| Dataset content |

:::::

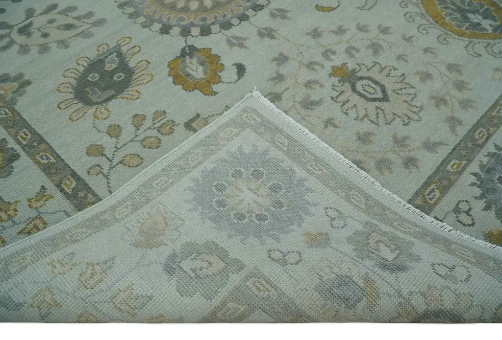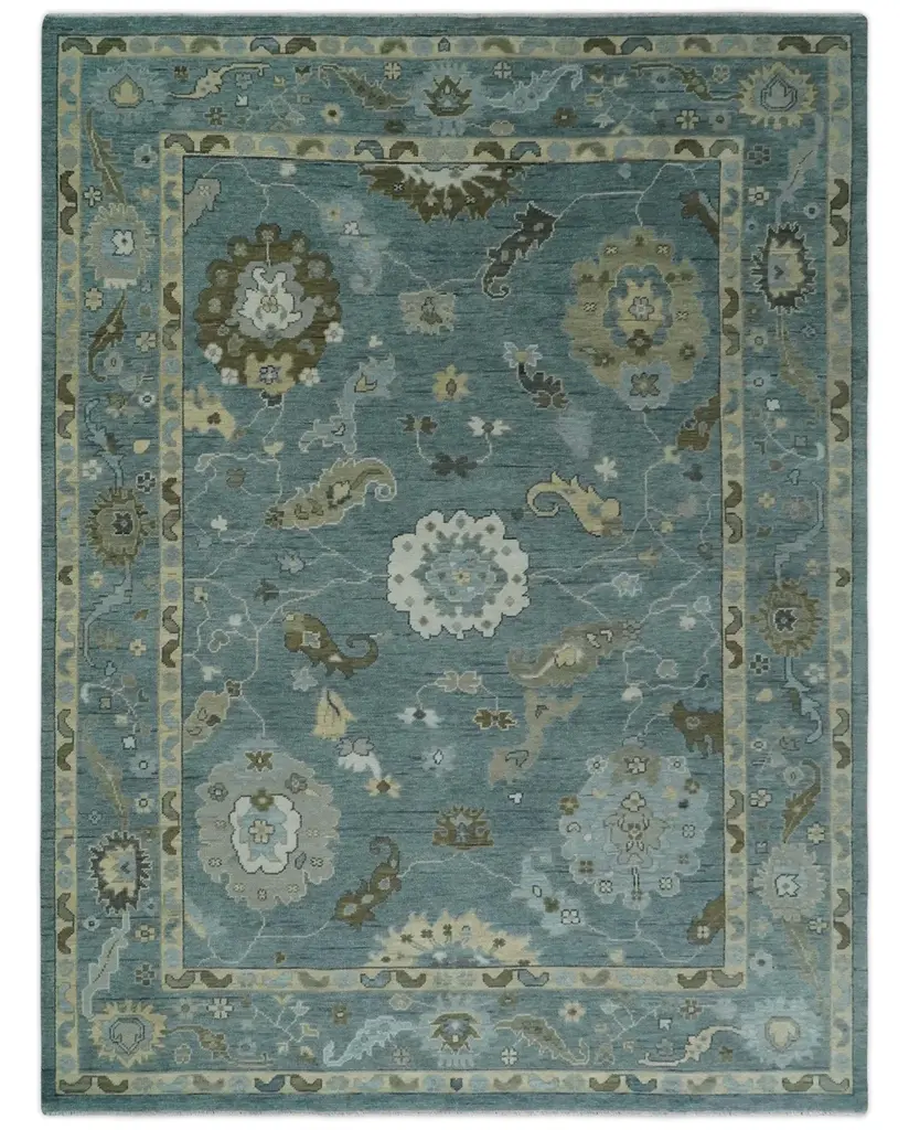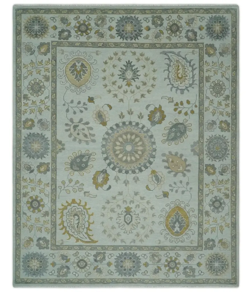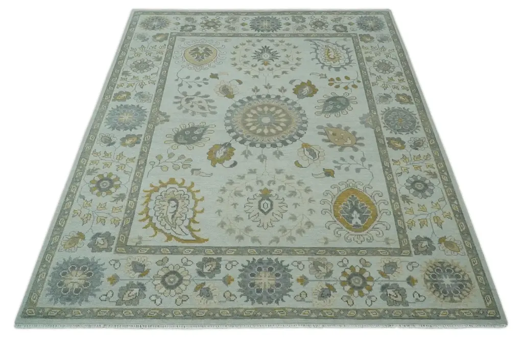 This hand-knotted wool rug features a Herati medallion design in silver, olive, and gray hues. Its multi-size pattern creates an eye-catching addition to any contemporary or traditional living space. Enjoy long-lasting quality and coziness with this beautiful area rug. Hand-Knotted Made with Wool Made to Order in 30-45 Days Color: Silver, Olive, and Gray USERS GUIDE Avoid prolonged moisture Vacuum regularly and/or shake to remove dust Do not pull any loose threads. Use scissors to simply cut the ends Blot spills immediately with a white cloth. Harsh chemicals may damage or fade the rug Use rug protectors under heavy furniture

:::::

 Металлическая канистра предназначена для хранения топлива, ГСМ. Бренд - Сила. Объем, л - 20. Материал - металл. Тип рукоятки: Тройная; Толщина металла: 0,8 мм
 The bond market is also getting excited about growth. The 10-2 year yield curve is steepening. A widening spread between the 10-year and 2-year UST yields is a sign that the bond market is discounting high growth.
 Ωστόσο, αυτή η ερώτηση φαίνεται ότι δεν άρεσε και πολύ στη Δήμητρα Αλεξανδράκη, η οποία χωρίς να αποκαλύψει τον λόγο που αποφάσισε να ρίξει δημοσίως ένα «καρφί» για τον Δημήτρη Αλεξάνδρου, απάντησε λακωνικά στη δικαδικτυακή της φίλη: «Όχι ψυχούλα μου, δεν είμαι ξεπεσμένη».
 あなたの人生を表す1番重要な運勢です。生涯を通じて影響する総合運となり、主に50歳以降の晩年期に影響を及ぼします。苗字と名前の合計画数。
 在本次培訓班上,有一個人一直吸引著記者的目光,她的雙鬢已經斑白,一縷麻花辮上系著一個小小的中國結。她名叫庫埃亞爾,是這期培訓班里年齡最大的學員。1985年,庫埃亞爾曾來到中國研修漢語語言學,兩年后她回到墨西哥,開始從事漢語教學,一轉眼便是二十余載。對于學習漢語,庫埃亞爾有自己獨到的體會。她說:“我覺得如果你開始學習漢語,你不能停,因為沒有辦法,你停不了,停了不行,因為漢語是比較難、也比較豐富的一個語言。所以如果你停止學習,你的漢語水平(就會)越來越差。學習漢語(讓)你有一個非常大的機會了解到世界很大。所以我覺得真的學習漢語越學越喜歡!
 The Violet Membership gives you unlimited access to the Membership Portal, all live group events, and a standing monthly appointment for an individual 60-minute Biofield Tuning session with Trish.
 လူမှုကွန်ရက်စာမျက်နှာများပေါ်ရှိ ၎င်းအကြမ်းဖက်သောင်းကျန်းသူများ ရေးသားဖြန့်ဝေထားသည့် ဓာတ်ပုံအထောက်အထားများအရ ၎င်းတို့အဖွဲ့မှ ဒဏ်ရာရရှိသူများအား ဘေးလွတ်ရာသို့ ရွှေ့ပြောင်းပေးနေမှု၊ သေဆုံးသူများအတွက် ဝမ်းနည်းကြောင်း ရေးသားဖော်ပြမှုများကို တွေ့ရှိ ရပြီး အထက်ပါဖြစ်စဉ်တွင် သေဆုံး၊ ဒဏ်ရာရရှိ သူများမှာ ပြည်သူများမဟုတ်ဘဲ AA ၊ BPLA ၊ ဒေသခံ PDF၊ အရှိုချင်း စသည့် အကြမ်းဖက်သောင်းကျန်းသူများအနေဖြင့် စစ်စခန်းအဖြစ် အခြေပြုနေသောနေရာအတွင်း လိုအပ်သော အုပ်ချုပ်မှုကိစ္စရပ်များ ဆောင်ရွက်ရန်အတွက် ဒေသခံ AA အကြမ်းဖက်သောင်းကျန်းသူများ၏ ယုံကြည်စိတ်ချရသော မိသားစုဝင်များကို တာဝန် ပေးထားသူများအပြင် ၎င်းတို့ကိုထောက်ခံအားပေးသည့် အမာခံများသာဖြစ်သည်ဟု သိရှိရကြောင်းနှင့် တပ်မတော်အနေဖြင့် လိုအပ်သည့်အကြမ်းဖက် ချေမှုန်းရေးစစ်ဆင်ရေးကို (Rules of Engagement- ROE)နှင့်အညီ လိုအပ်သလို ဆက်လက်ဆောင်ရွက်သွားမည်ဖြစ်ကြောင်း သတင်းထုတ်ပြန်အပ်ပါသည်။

:::::

| Activity |
Starting with the line above that holds "Ωστόσο, αυτή η" and stopping with the line that holds "The Violet Membership", reproduce each line exactly, omitting all other lines.

| Result below |
 Ωστόσο, αυτή η ερώτηση φαίνεται ότι δεν άρεσε και πολύ στη Δήμητρα Αλεξανδράκη, η οποία χωρίς να αποκαλύψει τον λόγο που αποφάσισε να ρίξει δημοσίως ένα «καρφί» για τον Δημήτρη Αλεξάνδρου, απάντησε λακωνικά στη δικαδικτυακή της φίλη: «Όχι ψυχούλα μου, δεν είμαι ξεπεσμένη».
 あなたの人生を表す1番重要な運勢です。生涯を通じて影響する総合運となり、主に50歳以降の晩年期に影響を及ぼします。苗字と名前の合計画数。
 在本次培訓班上,有一個人一直吸引著記者的目光,她的雙鬢已經斑白,一縷麻花辮上系著一個小小的中國結。她名叫庫埃亞爾,是這期培訓班里年齡最大的學員。1985年,庫埃亞爾曾來到中國研修漢語語言學,兩年后她回到墨西哥,開始從事漢語教學,一轉眼便是二十余載。對于學習漢語,庫埃亞爾有自己獨到的體會。她說:“我覺得如果你開始學習漢語,你不能停,因為沒有辦法,你停不了,停了不行,因為漢語是比較難、也比較豐富的一個語言。所以如果你停止學習,你的漢語水平(就會)越來越差。學習漢語(讓)你有一個非常大的機會了解到世界很大。所以我覺得真的學習漢語越學越喜歡!
 The Violet Membership gives you unlimited access to the Membership Portal, all live group events, and a standing monthly appointment for an individual 60-minute Biofield Tuning session with Trish.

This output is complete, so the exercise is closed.